◆ **WHAT NEEDS TO BE DONE**
The answer is to be the lines below that lie between the line holding "Razvijali smo i" and the line holding "書斎は、お施主様のニーズに合", inclusive, transcribed exactly and free of pictures.

-- Opening Marker --

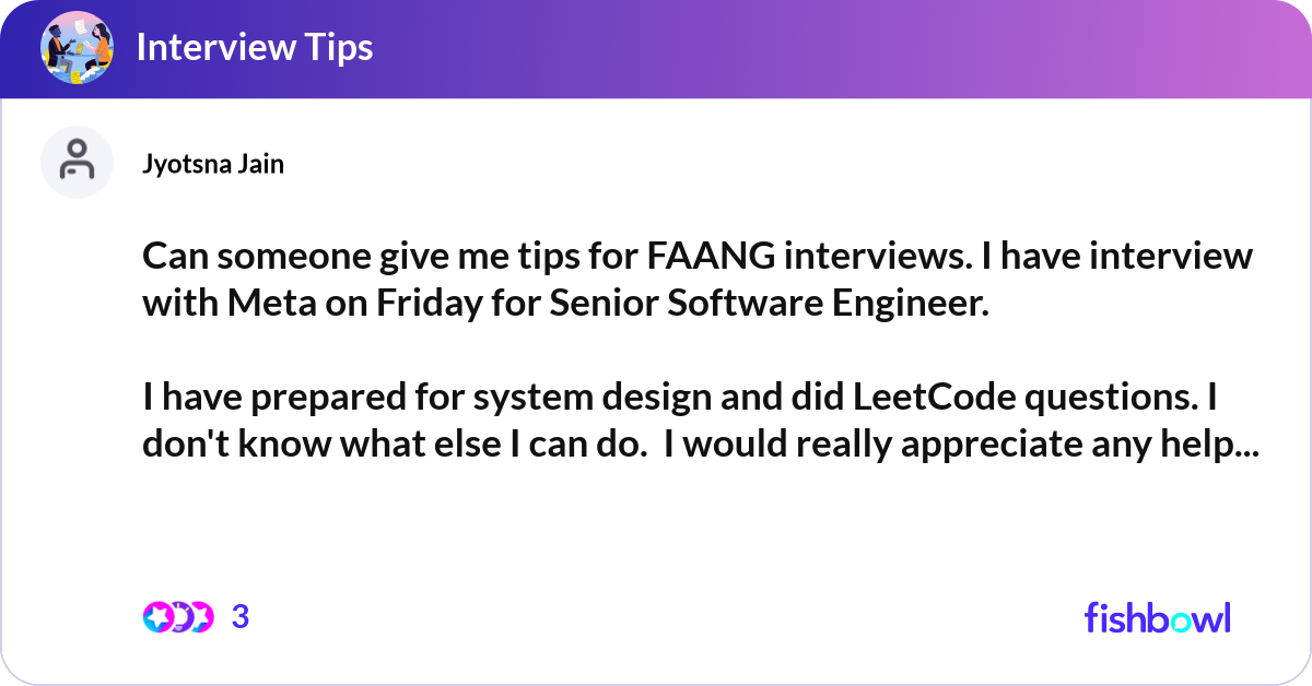 Can someone give me tips for FAANG interviews. I h... | Fishbowl
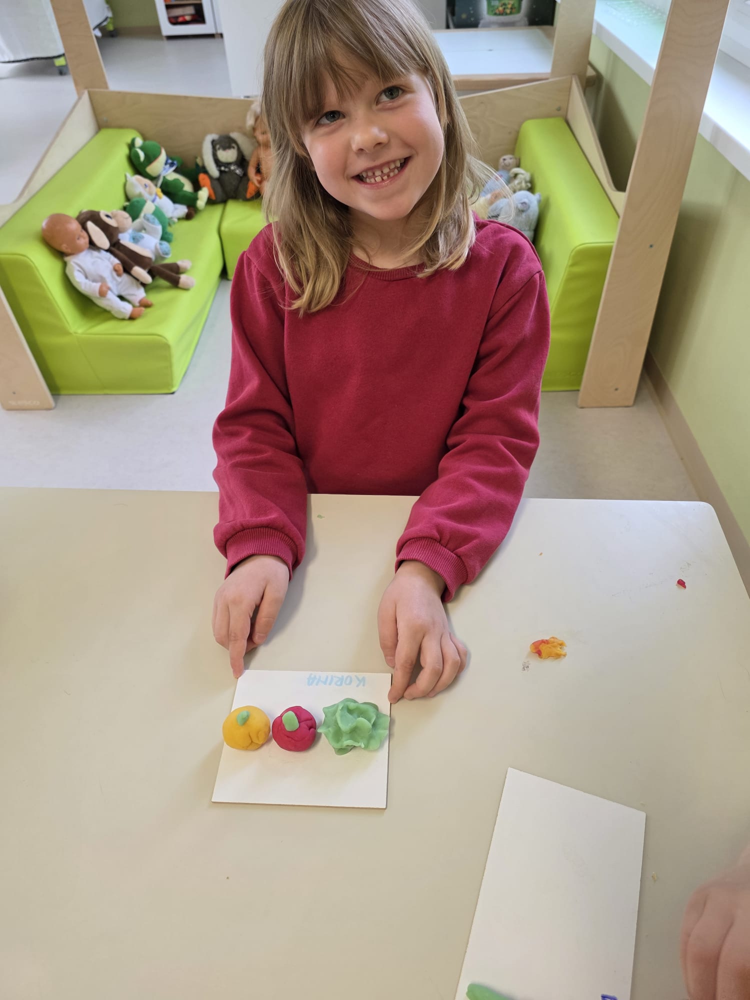 Razvijali smo i finu motoriku modeliranjem voća i povrća od plastelina, dok su kroz igre uloga (trgovina zdrave hrane i posjet liječniku) djeca učila komunicirati, surađivati i razvijati empatiju. U radionici “Ogledalo emocija” učili su prepoznati i izraziti svoje osjećaje.
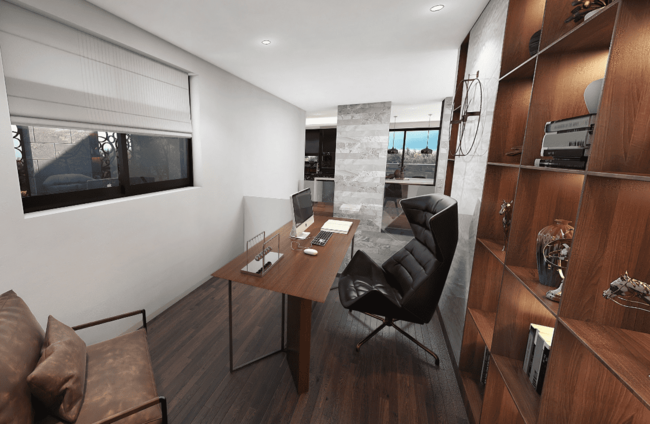 書斎は、お施主様のニーズに合わせたお部屋。テレワークなど集中できるスペースとしても利用できる空間としており、適度に家族の様子もわかる位置に配置している。
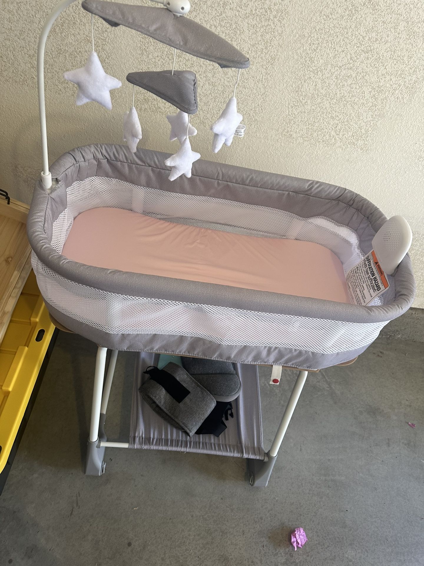 Has light, sounds and vibration. Has a soothing rock. Has mesh sides. Able to put diapers under for easy access. Easily portable, not heavy. Not used much, would use with blanket over when used. Baby slept on bed. Assembled dimensions: 32.5"L x 22"W x 47"H | Mattress pad size: 30.7"L x 15.6"W x 1"H | Weight: 13.7 lbs. | Bassinet includes mattress pad and fitted sheet
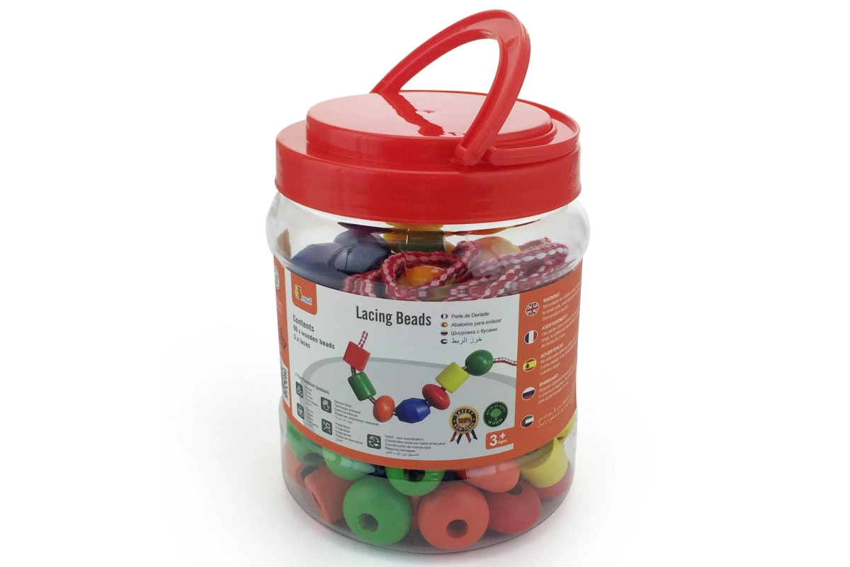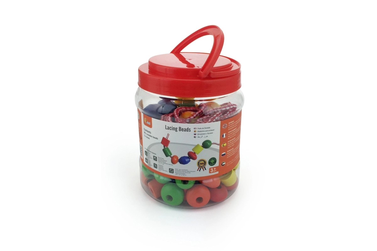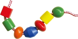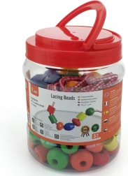 De plastic doos bevat grote houten kralen en gekleurde veters waarop de kralen geregen kunnen worden. Afmeting van de kraal ca. 2 x 2 cm, afhankelijk van het type. Afmetingen van de verpakking ca. 16 x 12 cm. Bevat 90 kralen en 5 koorden. Leeftijd 3+.
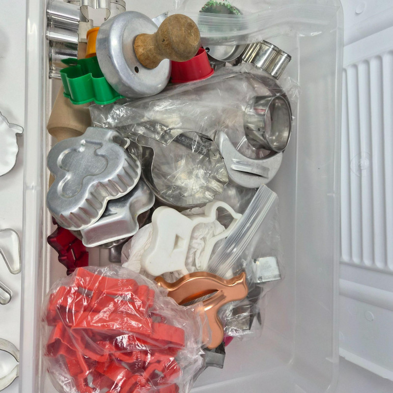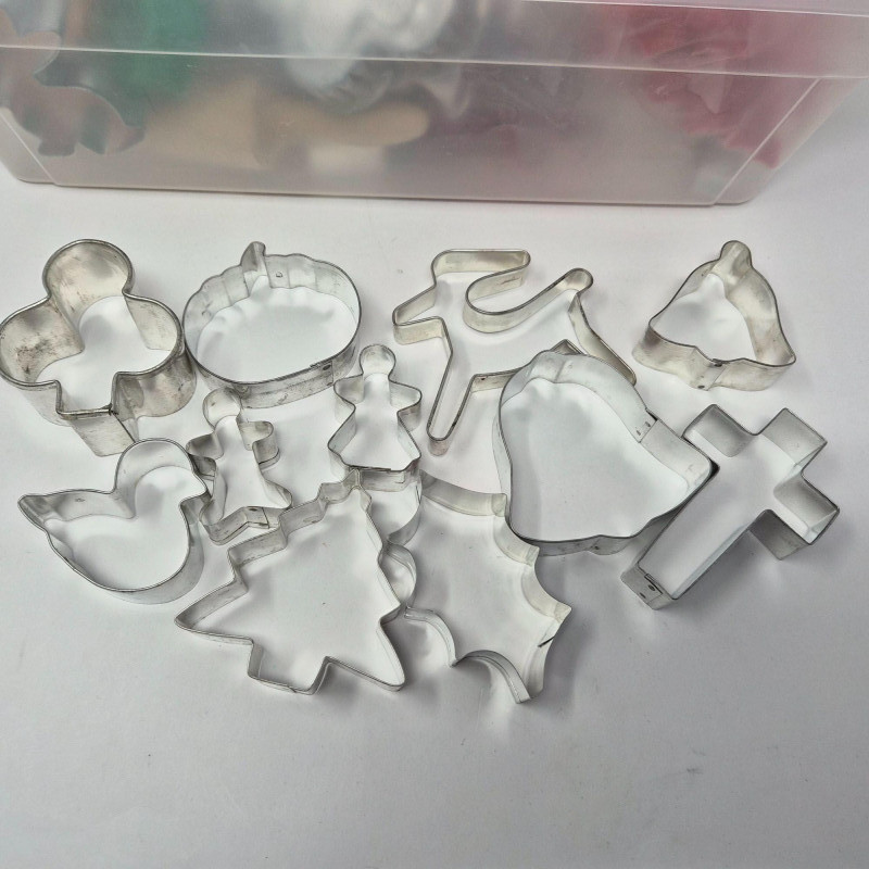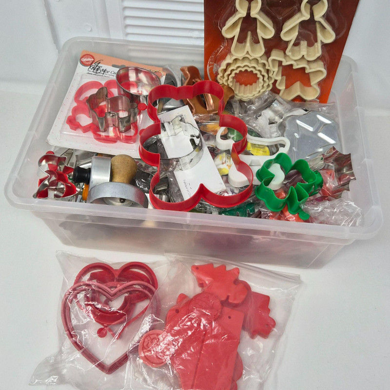 A delightful treasure trove of vintage cookie cutters in both plastic and metal, offering a whimsical mix of shapes, eras, and baking nostalgia. This mega lot includes: Whether you're baking with grandkids, staging a retro kitchen display, or harvesting for craft projects, this lot delivers a joyful mix of form and function—with a dash of vintage magic.

-- Closing Marker --

◆ **EXERCISE SOLUTION**
 Razvijali smo i finu motoriku modeliranjem voća i povrća od plastelina, dok su kroz igre uloga (trgovina zdrave hrane i posjet liječniku) djeca učila komunicirati, surađivati i razvijati empatiju. U radionici “Ogledalo emocija” učili su prepoznati i izraziti svoje osjećaje.
 書斎は、お施主様のニーズに合わせたお部屋。テレワークなど集中できるスペースとしても利用できる空間としており、適度に家族の様子もわかる位置に配置している。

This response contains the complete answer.